As many of you may already know, a living legend at DU passed this following week.
What many have termed ‘Black Sunday’ marked the end of an era that stretched across generations. It is true, ladies and gentleman, that the celebrated institution informally known by such names as “Club-B” and “B-town” has closed its doors for good.
Although this news should not really be shocking to anyone, it has certainly created a void in many students’ hearts (and livers), as well as my own.
One can only hope that the spirit of The Border will live on through the many patrons that frequented it.
I could spend the entirety of this column lamenting its demise, or cursing the city of Denver for taking from us the only place that literally did a majority of its business with minors, but I don’t believe that is what The Border would want.
The only way I feel I could do justice to a place that has graced the lives of so many is to recount some of their tales.
There is only one man I know that can claim he has spent more time at The Border than any other human being. He claims he forgot his real name decades ago, likely due to excessive alcohol consumption at the bar he loved.
These days he only responds to the title “Creepy-old-mullet-guy-who-is-always-playing-pool-and-inconspicuously-undressing-eighteen-year-old-co-eds-with-his-eyes.”

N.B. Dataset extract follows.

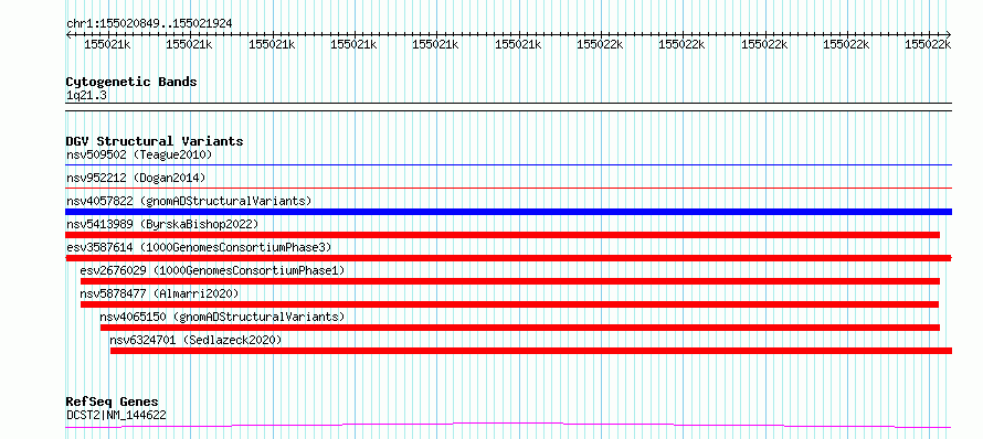 | | Variant Type | CNV loss | | Copy Number | | | Allele State | | | Allele Origin | | | Probe Count | | | Validation Flag | | | Merged Status | M | | Merged Variants | | | Supporting Variants | essv10152130, essv10152138, essv10152128, essv10152139, essv10152136, essv10152141, essv10152144, essv10152143, essv10152146, essv10152126, essv10152147, essv10152131, essv10152140, essv10152148, essv10152134, essv10152145, essv10152127, essv10152142, essv10152132, essv10152133, essv10152135, essv10152129, essv10152137 | | Samples | NA19141, NA19399, HG02798, NA18486, HG03280, NA19443, NA19374, HG02549, NA19023, HG02981, NA19038, NA19372, HG03363, HG01049, NA19461, NA19035, HG02667, NA19834, NA19712, HG03097, HG02053, NA19185, HG03303 | | Known Genes | DCST2 | | Method | Sequencing | | Analysis | | | Platform | Multiple platforms | | Comments | | | Reference | 1000_Genomes_Consortium_Phase_3 | | Pubmed ID | 21293372 | | Accession Number(s) | esv3587614

Despite being lost in a world that rejected him, The Border gave this man an identity and he embraced it proudly.
The older patrons were not the only ones whose lives were changed because of The Border. Many upperclassmen have benefited from its services for years.
If you went to The Border and didn’t come out with a drunken story, you just weren’t trying hard enough. I’m not going to let them take all the limelight, though.
It was never a strange occurrence to see some dude putting back cosmos like it was his day job and say the wrong thing to the wrong guy and end up in the wrong position on the asphalt outside.
I joined my friends in the place that has given us so many memories and has taken even more away for its final last call. I speculate that one day in the future it will re-open its doors, but its former glory will never be restored. Fancy that.